The records:
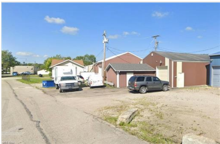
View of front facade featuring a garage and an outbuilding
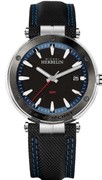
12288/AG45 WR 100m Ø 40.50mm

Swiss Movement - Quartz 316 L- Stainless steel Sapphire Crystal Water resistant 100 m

...

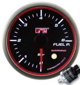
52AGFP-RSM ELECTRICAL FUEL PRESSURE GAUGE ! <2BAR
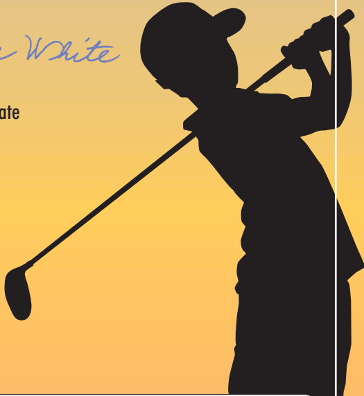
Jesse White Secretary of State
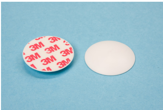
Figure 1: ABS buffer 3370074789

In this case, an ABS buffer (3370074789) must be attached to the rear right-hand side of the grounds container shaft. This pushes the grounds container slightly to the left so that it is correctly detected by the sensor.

...

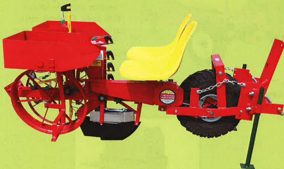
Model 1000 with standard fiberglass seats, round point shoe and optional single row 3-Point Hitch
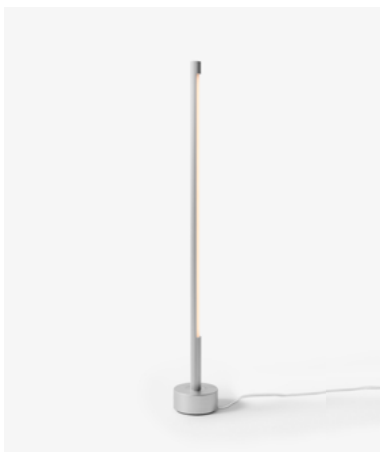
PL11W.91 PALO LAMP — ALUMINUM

Exercise:
Leave out every picture, and copy exactly the lines above starting at the one holding "View of front" and ending at the one holding "Swiss Movement - Quartz", no more and no less.

Output:
View of front facade featuring a garage and an outbuilding
12288/AG45 WR 100m Ø 40.50mm

Swiss Movement - Quartz 316 L- Stainless steel Sapphire Crystal Water resistant 100 m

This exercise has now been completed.